▶ Task goal:
Could you retype exactly the lines below between the one holding "刘伯明进入神舟七号飞船返回舱。 中新社发 秦宪安 摄" and the one holding "男性向けラノベタイトル風あだ名 | 『こぼの憂鬱』『ノーゲーム・ノーコボ』 |", inclusive, leaving out any pictures?

▶ Information provided:
_____
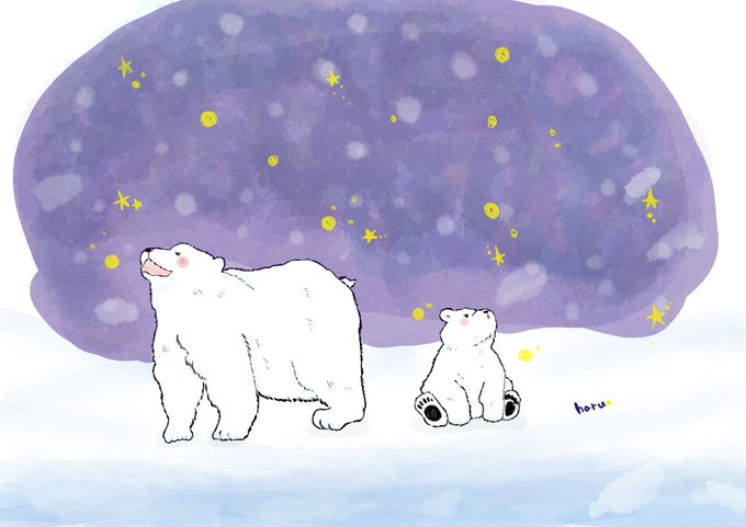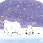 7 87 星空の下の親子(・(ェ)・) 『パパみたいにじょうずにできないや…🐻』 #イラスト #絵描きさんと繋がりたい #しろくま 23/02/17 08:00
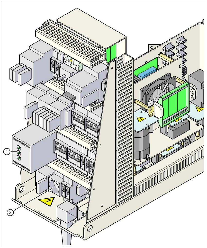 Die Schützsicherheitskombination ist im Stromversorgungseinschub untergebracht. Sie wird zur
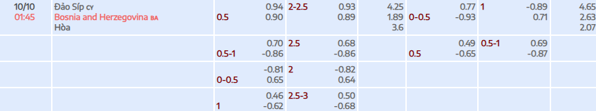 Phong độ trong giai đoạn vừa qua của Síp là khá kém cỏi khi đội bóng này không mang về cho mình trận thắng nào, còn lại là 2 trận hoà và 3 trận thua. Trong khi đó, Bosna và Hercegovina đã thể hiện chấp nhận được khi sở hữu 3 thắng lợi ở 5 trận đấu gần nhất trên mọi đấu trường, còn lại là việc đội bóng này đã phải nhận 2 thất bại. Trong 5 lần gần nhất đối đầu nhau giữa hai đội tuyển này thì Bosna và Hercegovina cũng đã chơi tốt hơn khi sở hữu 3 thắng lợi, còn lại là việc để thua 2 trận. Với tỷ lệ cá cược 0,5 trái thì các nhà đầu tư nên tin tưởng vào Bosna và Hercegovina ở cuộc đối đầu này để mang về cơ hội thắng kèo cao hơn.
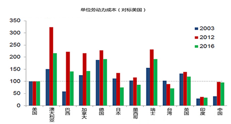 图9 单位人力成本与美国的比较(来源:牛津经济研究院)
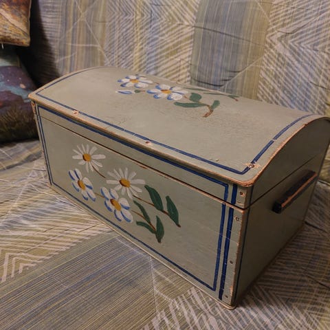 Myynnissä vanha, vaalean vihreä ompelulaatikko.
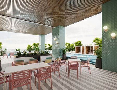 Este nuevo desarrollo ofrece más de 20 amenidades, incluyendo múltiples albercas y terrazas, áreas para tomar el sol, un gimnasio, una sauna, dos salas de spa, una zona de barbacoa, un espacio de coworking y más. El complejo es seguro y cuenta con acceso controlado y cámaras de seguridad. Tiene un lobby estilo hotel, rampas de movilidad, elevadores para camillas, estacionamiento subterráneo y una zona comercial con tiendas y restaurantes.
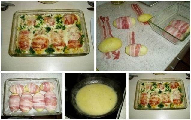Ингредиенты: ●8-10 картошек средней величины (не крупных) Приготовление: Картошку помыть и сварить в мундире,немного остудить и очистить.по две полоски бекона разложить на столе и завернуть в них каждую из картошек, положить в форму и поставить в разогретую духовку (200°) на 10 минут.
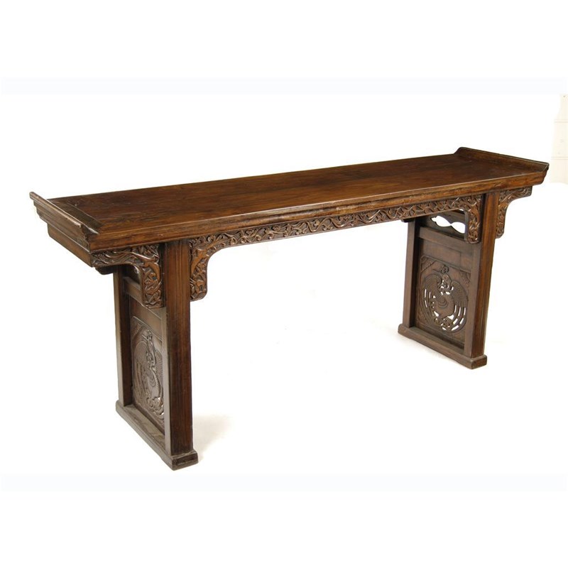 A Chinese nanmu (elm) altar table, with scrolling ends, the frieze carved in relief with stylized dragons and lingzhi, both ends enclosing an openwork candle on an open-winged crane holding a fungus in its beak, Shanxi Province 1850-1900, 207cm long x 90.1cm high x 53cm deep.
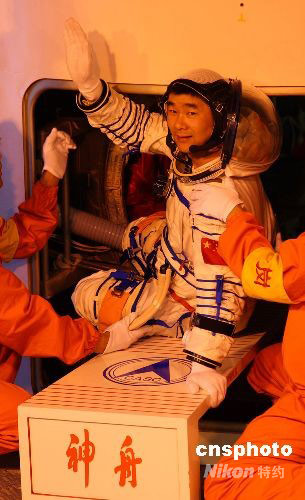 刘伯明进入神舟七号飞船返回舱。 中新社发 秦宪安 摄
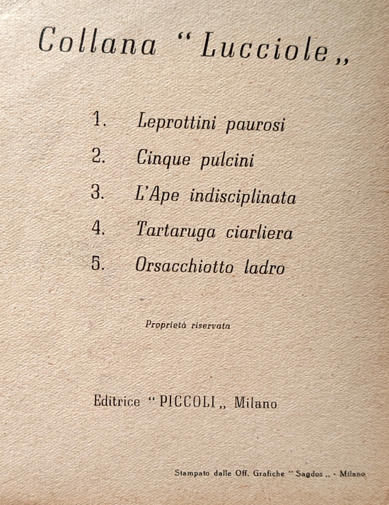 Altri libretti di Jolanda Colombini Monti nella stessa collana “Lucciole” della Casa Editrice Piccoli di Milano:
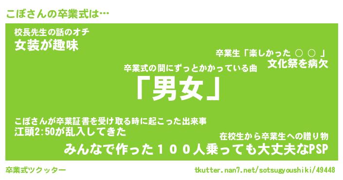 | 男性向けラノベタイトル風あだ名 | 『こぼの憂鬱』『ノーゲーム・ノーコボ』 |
_____
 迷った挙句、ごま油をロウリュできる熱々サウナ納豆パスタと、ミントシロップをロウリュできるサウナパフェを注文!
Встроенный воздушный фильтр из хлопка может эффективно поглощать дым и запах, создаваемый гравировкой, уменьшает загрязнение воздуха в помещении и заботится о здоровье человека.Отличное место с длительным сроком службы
_____
▶ Solution to this problem:
 刘伯明进入神舟七号飞船返回舱。 中新社发 秦宪安 摄
 Altri libretti di Jolanda Colombini Monti nella stessa collana “Lucciole” della Casa Editrice Piccoli di Milano:
 | 男性向けラノベタイトル風あだ名 | 『こぼの憂鬱』『ノーゲーム・ノーコボ』 |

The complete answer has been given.